Baroness Newlove, the Victims' Commissioner, said many people who raised concerns about their treatment were left feeling ignored.
Helen Newlove came to prominence after her husband was killed by a gang of youths outside their home in 2007.
This is her first major review since being appointed as a commissioner in 2012.
The report looked at the experiences of more than 200 victims who had complained about how they were dealt with by services including the police, probation and the courts system.
'Dismissed and confused'
Almost 75% of those consulted said they were unhappy with the response they received and more than 50% found the relevant agency's complaints process difficult to use.
She told BBC Radio 4's Today programme that victims need time, understanding and compassion.
"Victims will only be at the heart of the criminal justice system if you allow them to understand the journey they are going through," she said.
Baroness Newlove said it was clear many victims were still not getting the service they deserved and there was a gap between what criminal justice agencies described and the victim's experience.
"All it takes is basic human decency to explain to a victim, in a sensitive and timely way, why something has gone wrong and what they can do about it." she said.
"It is shocking how many victims told me how ignored, dismissed and confused they felt when they tried to raise concerns about their treatment."
One victim said the complaints process was so daunting that it "was almost worse than the actual journey of being a victim".
Another told the review: "I'm just frightened.
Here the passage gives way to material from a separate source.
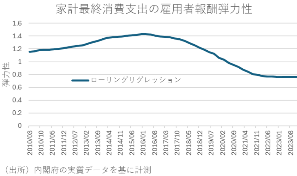 しかし、マクロで見た実質家計支出の、マクロで見た実質賃金となる実質雇用者報酬に対する弾力性を時系列で計測すると、2016年以降低下していることがわかる。
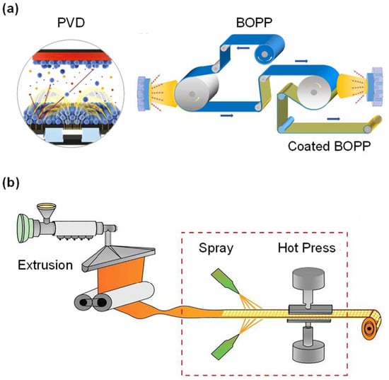 Schematic of physical methods including (a) PVD (reused with permission, [80] © 2022 John Wiley & Sons Australia, Ltd.; [81] © 2019, Elsevier) and (b) spraying and hot pressing (reused with permission, [82] © 2020, Elsevier) methods for deposition.

I think they will harass me if I complain about the way they have treated me and my daughter."
The commissioner has laid out a new set of standards which she expects the government and agencies to adopt when responding to concerns from victims.
Victims' Commissioner's Standards
- Clear information for victims to support them in raising a concern or making a complaint about the service they have received
- Information on what to do if they are not happy with the response they receive
- Agencies commit to mandatory training for all staff who deal with victims' complaints
- Agencies publish information showing how complaints from victims have led to improvements in services.
Victims' rights campaigner Maggie Hughes, whose son Robert was left in a coma after being attacked, said: "We victims are not just complainers.
"If anything, we are thrown into a new world of rules and regulations and then into a dark labyrinth of the unknown.
"This important report shows just how crucial it is to listen to victims. If we feel that we are not satisfied with a service, then we should be able to get clear guidelines on how to complain, regular updates and a full explanation of the outcome."
Victims' minister Mike Penning said the government had already committed to giving victims legal rights, and strengthening victims' entitlements through the Victims' Code, and was reviewing whether new powers are needed "so that they can better hold the system to account."
He said: "I welcome Baroness Newlove's dedication and hard work supporting my goal to make the system better for victims.
"She recommends many sensible new standards in this important report, which I will carefully consider."